Altro eclatante esempio è la faccenda del vestito di Marilyn Monroe indossato da Kim Kardashian al Met Gala. La notizia è che il vestito, dopo essere stato indossato da Kardashian, ha riportato dei danni «irreparabili». È diventata virale la foto che compara il retro del vestito primo di essere indossato dalla formosa Kim e dopo. Il tessuto è slabbrato in alcuni punti, la cerniera regge appena e mancano diversi cristalli. Il popolo social è impazzito e si è gridato all’oltraggio: come ha osato quel personaggio volgarotto profanare quel gioiello indossato da una diva così iconica?

A parte il fatto che quel vestito ha 60 anni e si slaccerebbe anche se Marilyn Monroe risorgesse e lo indossasse lei in persona con la stessa forma che aveva quella sera del 1962 ma, detto questo, ho più il sospetto che il problema principale, nella testa di chi si sente offeso da questo gesto, sia, tecnicamente, il culo.

Eh sì perché il culo di Kim Kardashian, nonostante la dieta lampo fatta per entrare nel vestito, rimane comunque un muscolo tondeggiante di dimensioni particolarmente espansive. Una forma sicuramente poco “naturale”, così come tutte le forme e l’aspetto in generale della ex signora West. Non si perdona che il vestito di una fascinosa diva degli anni ’50 sia stato indossato da una star di Instagram, tutta filtri, filler e botox.

E lo si fa nello stesso periodo storico in cui si grida alla liberazione dei corpi dai giudizi, dagli standard, dalle costrizioni. Insomma non giudichiamo nessun corpo, a meno che non sia un corpo rifatto (o che ci sembra rifatto), in quel caso si può giudicare eccome.

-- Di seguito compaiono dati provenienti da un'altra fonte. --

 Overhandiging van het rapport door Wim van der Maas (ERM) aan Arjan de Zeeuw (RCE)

Mi chiedo se lo stesso abito lo avesse indossato, come omaggio, la leggiadra Natalie Portman, con il suo aspetto così nature, la classe della ragazza acqua, sapone e ballerine, e quell’aria da “il Botox è il male”, ci sarebbero state le stesse polemiche? Probabilmente no.

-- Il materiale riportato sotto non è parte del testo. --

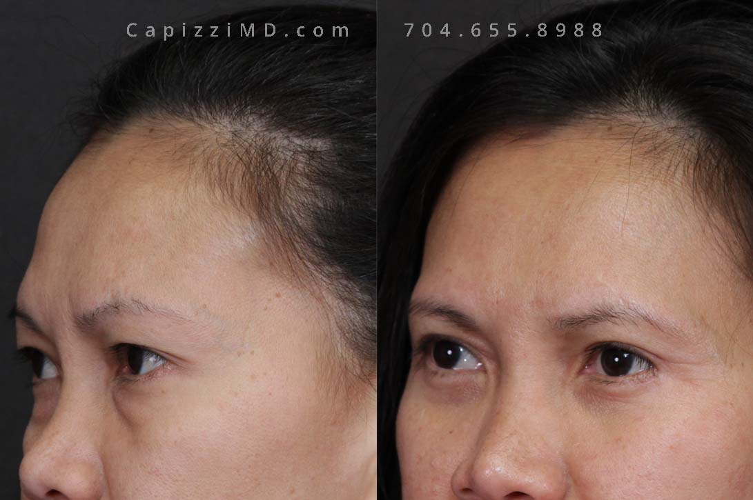 This patient wanted to achieve a more youthful appearance while remaining natural. An upper blepharoplasty and hairline browlift were recommended to achieve her beautiful results.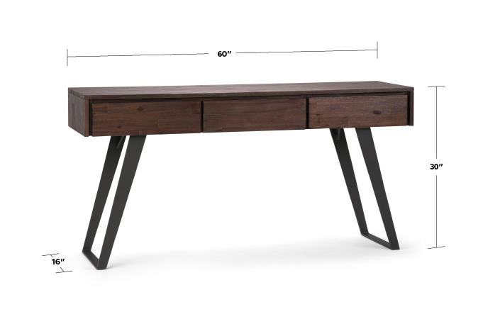 Let the Lowry Console / Sofa Table add a touch of urban industrialism to your living space. The table is handcrafted with a perfect combination of metal and solid Wood. The Lowry Console / Sofa Table doesn't sacrifice style for function. It features two drawers providing plenty of storage space. Whether you use it in the living room, family room or entryway it'll be sure to make a statement.

Perché quello che ci fa arrabbiare non è il fatto che qualcuno abbia indossato un abito di Marilyn, ma il fatto che lo abbia indossato “una rifattona”. E nonostante le battaglie degli ultimi anni noi, le rifattone, non riusciamo a perdonarle mai. Che poi Marilyn Monroe si era rifatta attaccatura dei capelli, naso, e mento. Era una “rifattona” pure lei. E ora come la mettiamo?